Nella scorsa edizione a governare la finale è stata la voce stentorea della giovanissima e talentuosa Mimì, all’anagrafe Aminata Caruso, in squadra con Manuel Agnelli. Solo nei prossimi mesi scopriremo quale tratto e personalità artistiche andranno poi a dominare il palco e la scena di questo show sempre molto seguito. Una vetrina di vecchia e nuova musica, in un mix di tante belle cover e qualche brillante inedito. E lì dove il format sembrava aver perso un po’ di smalto, sembra ora aver ritrovato la consueta verve, grazie ad alcuni strategici e necessari cambi di rotta.
Il mood della prima puntata segna la via?
In avvio di puntata numero uno Francesco Gabbani si è presentato al tavolo della cena giudici – stesso locale e stesso menù dello scorso anno per volere scaramantico di Jake La Furia – elegante, composto, ma apparentemente determinato a far valere la propria voce. Sulla sedia di giuria ha dato poi un assaggio di quello che sarà il metro di giudizio, e il mood, che andranno a governare la sua esperienza. Come d’altronde hanno fatto anche gli altri giudici. E se il sempre apprezzato Achille Lauro dall’aplomb aristocratico si è autoproclamato “aizzatore” di pubblico, Gabbani ha movimentato la serata con la sua ironia spiazzante ricca di battute e freddure. Ai posti centrali, invece, Paola Iezzi è intervenuta con la sua solita leggera schiettezza e in linea con i commenti veraci di un Jack La Furia sempre sul pezzo.

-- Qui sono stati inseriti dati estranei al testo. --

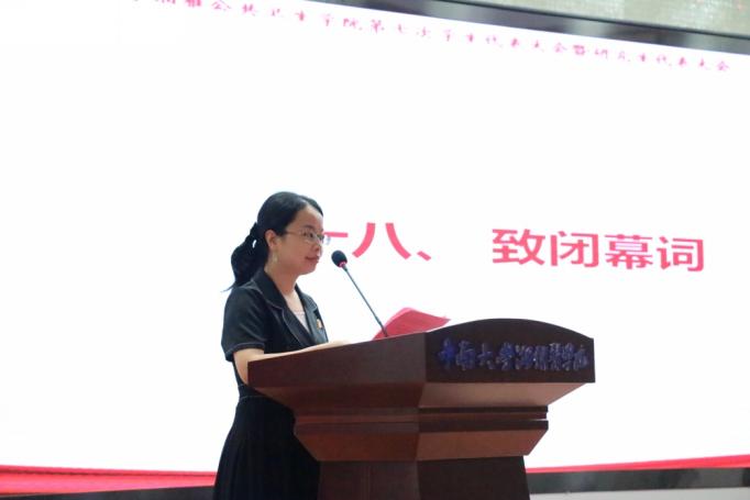 分团委副书记宁佩珊老师致闭幕词。她在发言中,向关心大会召开并莅临本次大会的领导、老师以及为大会服务的所有工作人员致以了最诚挚的谢意,同时对91直播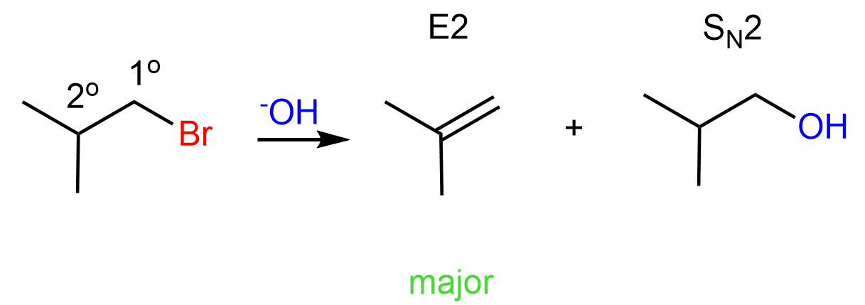 And if a nucleophile that is also a strong base (for example HO-, and especially anything bulkier) is used with a substrate containing alkyl groups and a hydrogen in the beta position, for example, isobutyl bromide, the E2 path will likely predominate because of the steric hindrance.

Talenti e (piccole) polemiche
Non sono mancati i talenti in grado di far esplodere il tanto ricercato fattore X, e nemmeno le esibizioni in grado di raccogliere i fatidici 4 sì. Così come non sono mancati gli attimi iconici, tipo il talento (incompreso) autore dell’inno per la squadra calcio Alviano “Con te Alviano”, accompagnato in trasmissione dall’intera squadra. Altro momento cult quello dell’ingegnere elettronico in arte Alter Anima, autore di un sorprendente tormentone disco già diventato hit virale sul web.
Come da copione, si sono intravisti anche i primi contrasti e polemiche soft, in particolare tra Iezzi e Gabbani sui cosiddetti “svisi”, ovvero la possibilità o meno di variare brani celebri per adattarli al contesto e all’interprete. Per ora i due giudici sembrano in deciso contrasto su questo punto, ma cosa accadrà poi quando i team saranno finalizzati e la strategia di gioco prenderà il sopravvento? Basterà restare sintonizzati il giovedì sera su Sky Uno per scoprirlo, in attesa della finalissima prevista per giovedì 4 dicembre 2025, sempre in Piazza del Plebiscito a Napoli.